By Dingding Chen
Recently, the Trump administration has launched a series of all-round attacks, sanctions, and containment policies toward China, making many commentators very pessimistic about the future trend of China-U.S. relations. It seems that the “cold war” between China and the United States will really materialize under such circumstances. These concerns are not unreasonable, but they also ignore the patterns of development in China-U.S. relations, especially the dynamic of balance against the background of great historical change. Therefore, they may mislead on the driving forces and on the possibility of China-U.S. cooperation.
China-U.S. relations will improve next year for at least three reasons. This piece will be the first in a series of three to appear here at The Diplomat outlining these factors.

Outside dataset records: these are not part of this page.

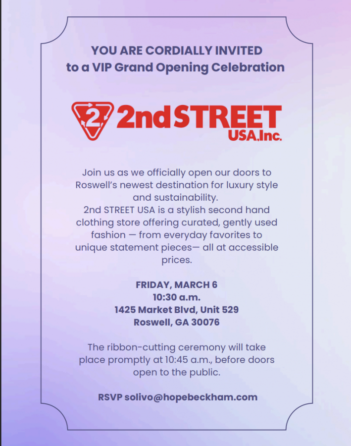 Join us as we officially open our doors to Roswell’s newest destination for luxury style and sustainability. 2nd STREET USA is a stylish second-hand clothing store offering curated, gently used fashion — from everyday favorites to unique statement pieces— all at accessible prices.
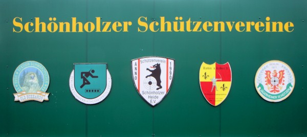 Mittelbau der Schießanlage Schönholz an der Hermann-Hesse-Straße mit Jagdreliefs und den Wappen der Schönholzer Schützenvereine
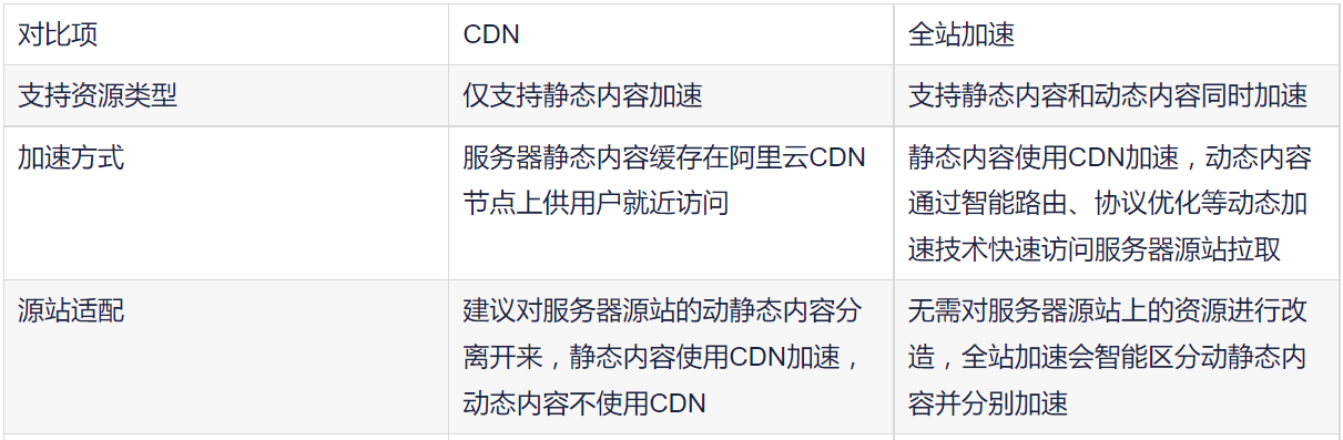 全站加速(DCDN)是在CDN加速的基础上技术升级的云产品。智能区分访问的动态内容还是静态内容。如果是静态内容就直接用阿里云CDN加速,动态内容通过路由决策优化、协议优化等快速回源拉取内容数据。和普通CDN加速只给静态内容加速,比如图片、文档相比,阿里云全站加速(DCDN)可以智能的对动态、静态内容都进行加速。请看表格的功能对比。

Since 2018, the containment policy of the U.S. administration led by Donald Trump, marked by a three-pronged strategy of the trade war, technological blockade, and ideological attacks, has not achieved significant results. In particular, the trade war has not created any noticeable impact on China’s economy. China’s economic problems are mainly caused by the contradiction between domestic supply and demand, the financial bubble caused by land financing, which has not been fully digested by society, and the bumpy economic cycle between the long-repeated Keynesian aggregate demand stimulus and the excessive issuance of M2 (per monetary school theory). China’s GDP growth rate was 6.6 percent in 2018 and 6.1 percent in 2019, both times exceeding the basic target of maintaining high economic growth of 6 percent. And judging from investment, consumption, and price levels, China’s economy has not been significantly affected by the crackdown on trade and science and technology from the United States, as various economic indicators have reached the expectations of the State Council. The recent economic difficulties, however, are mainly the result of the COVID-19 pandemic outside China, resulting in the shrinking of the demand by global market. This shows that the trade war launched by the United States has had a limited impact on China’s economy.

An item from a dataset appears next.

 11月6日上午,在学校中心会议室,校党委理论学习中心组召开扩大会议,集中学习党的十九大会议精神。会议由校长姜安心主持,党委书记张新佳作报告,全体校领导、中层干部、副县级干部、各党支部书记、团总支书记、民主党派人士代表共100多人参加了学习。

At present, there is no great disparity between the strength of China and the United States, especially economic strength. Therefore, it is unrealistic for the United States to launch a war on China or to start any comprehensive military confrontation against China. During Trump’s term, he can only try to contain China’s future development through sanctions and a trade crackdown on China’s top enterprises and scientific research institutions, as well as political attacks regarding the Hong Kong and Taiwan issues. However, at a time when the power gap between China and the United States is narrowing, neither the trade war, the war of science and technology, nor the war of ideology can achieve substantive results. Even before the pandemic, China’s economic growth had not been slowed by American repression. Therefore, Trump administration’s current policy of suppressing China cannot truly or effectively contain the further development of China’s comprehensive national strength, and its result is bound to be a failure.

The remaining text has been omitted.